This week I suppose has been quite odd. I don’t mean that strange things have happened just that I have been dealing with things that I started to address a few weeks ago.
As an only child you would think I would crave attention as that is a big part of being an only child or as like to call the effect ‘spoilt brat syndrome’. However I hate being centre of attention, whether its in the form of praise or criticism or even concern. It all makes me feel uncomfortable. I know a lot of people have been concerned about me lately but apparently I have been concerning people for a while. It turns out some family members were concerned about me at Christmas. Now thats fair enough as I when they saw me I was ill with a bad cold/flu thing and it had taken a lot out of me. Thats all it was but I suppose its only natural to think what else could be wrong. I found this out this week and it unnerved me a bit. I don’t know why because nothing was wrong and it is good that they do care and are concerned. At the same time this week I also found myself at the centre of gossip. It wasn’t as if they had said something I had told them, they had been speculating thats all. Now I’m not stupid its a fact that people talk about people and we all speculate , its natural. However discretion is usually involved and although it was done in a non offensive way I was still upset and led me to have to talk to some people in a less personal way that I had planned. Maybe I reacted badly and didn’t need to do this but basically it just freaked me out. I suppose I was trying to stay in control of things and that is not always possible and I need to get used to this.

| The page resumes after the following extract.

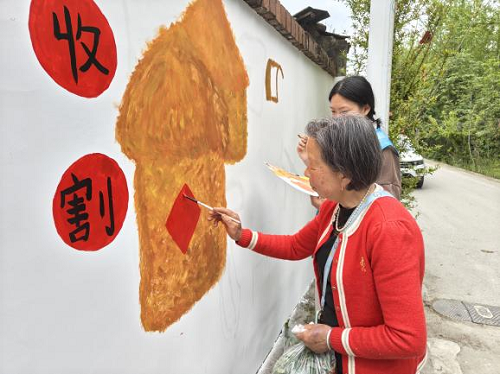 红专村“院落微更新”墙面绘画 为社区增添乡土情怀文化风景线

Continuing on from last weeks developments I have also been more open with some people this week. Some people I have spoken to direct and others less direct and there are still lots of people I want to talk to. People are not being told in any sort of order its just trying to pick the best moment. It has been good though, especially the face to face chats. Its great to be open with people and I am loving my friends even more because of it. I hope they all know that they can be open with me whenever they want as well. Thanks to all of you for your time so far.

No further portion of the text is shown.